Are you back yet??? :lol:


----------



## nichol4s (Jun 16, 2012)

18:14


----------



## S63 (Jan 5, 2007)

J1ODY A said:


> Snap, I will enter for the crack but if I am right give it to the next closest.
> 
> Think the dog hair will be the problem so stick you in for 15:54 my friend.


14-36........same as above, have enough wheel cleaner for a lifetime.


----------



## Samh92 (Aug 30, 2012)

16:12 if it hasn't been answered?


----------



## MarkSmith (Dec 17, 2010)

Thanks guys, times up !!

I will take a look through the thread now and see who has won 

Thanks too to the guys who said to pass it to the next closest if they won, thats very kind of you all


----------



## James RX8 (Feb 13, 2009)

17:12


----------



## MarkSmith (Dec 17, 2010)

A big thanks to everyonje who entered !

So, the time I walked through my front door this afternoon, according to my phone, was 14:11

which means the very first guess of the competition was the winner, Zetec Al guessing 14:10

There were some really close guesses too, including one guess at 14.15 !!

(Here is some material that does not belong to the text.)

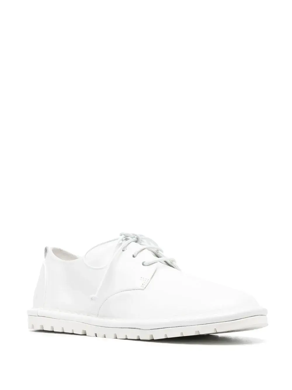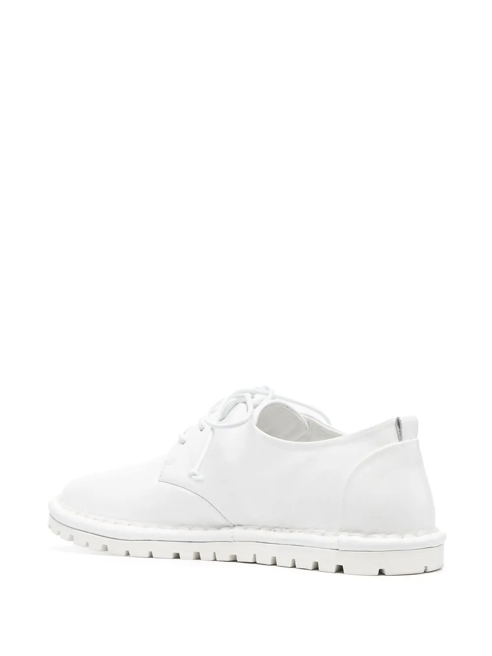 Белый, телячья кожа, однотонная расцветка, закругленный носок, шнуровка спереди, стелька с логотипом и рифленая резиновая подошва.

Well done Zetec-Al, pm me your address mate and I will post it tomorrow for you


----------



## mr.t (Oct 1, 2010)

MarkSmith said:


> A big thanks to everyonje who entered !
> 
> So, the time I walked through my front door this afternoon, according to my phone, was 14:11
> 
> ...


damn i was an hour off!


----------



## Kriminal (Jan 11, 2007)

Bugger. Story of my life - always late :wall:

Congrats though, Zetec-Al :thumb:


----------



## Rayner (Aug 16, 2012)

First post? What's the chances of that :lol:


----------



## S63 (Jan 5, 2007)

rayner said:


> First post? What's the chances of that :lol:


And have you noticed where he lives? Had the gaff staked out.


----------



## MarkSmith (Dec 17, 2010)

S63 said:


> And have you noticed where he lives? Had the gaff staked out.


:lol:

Wondered who that was that was following me !!!


----------



## MarkSmith (Dec 17, 2010)

ZetecAl - I forgot you were in Wycombe - if you want I can pop it over to you tomorrow, let me know mate if that suits you rather than waiting for the postie and send me your address via pm.

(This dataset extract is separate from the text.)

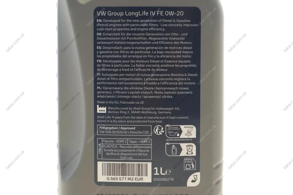 Олива моторна 0W-20 (1,0л) VAG GS65577M2

Would be good to finally meet you and put a face to the user name


----------



## Mumbles (Nov 7, 2011)

Haha, first post! :lol:

None of us stood a chance! :wall:

Congrats to winner


----------



## Zetec-al (Feb 28, 2011)

Omg mark that is really odd! First post and we are both in wycombe! I will give you a PM later as im on my phone at the moment!


----------



## J1ODY A (Nov 28, 2008)

Mark, you clearly don't do as good as job as I thought being able to get back so soon


----------



## S63 (Jan 5, 2007)

J1ODY A said:


> Mark, you clearly don't do as good as job as I thought being able to get back so soon


Pichers or it never happened, just the local High Wycombe mafia having a laugh.


----------



## Mumbles (Nov 7, 2011)

J1ODY A said:


> Mark, you clearly don't do as good as job as I thought being able to get back so soon


:lol::lol::lol::lol:


----------



## MarkSmith (Dec 17, 2010)

J1ODY A said:


> Mark, you clearly don't do as good as job as I thought being able to get back so soon


:lol::lol:

What can I say, the dog hairs came up really easy from the very forgiving carpet !!

(( Not to mention, unknown to me at the time, that the car had rubber mats in it that caught 90% of the dog hairs !! ))

:lol::lol:


----------



## J1ODY A (Nov 28, 2008)

Oh we got duff info... :lol:


----------



## MarkSmith (Dec 17, 2010)

J1ODY A said:


> Oh we got duff info... :lol:


:lol::lol:


----------



## Mumbles (Nov 7, 2011)

I motion for another Game of "how long will it take" seeing as we were given missleading information.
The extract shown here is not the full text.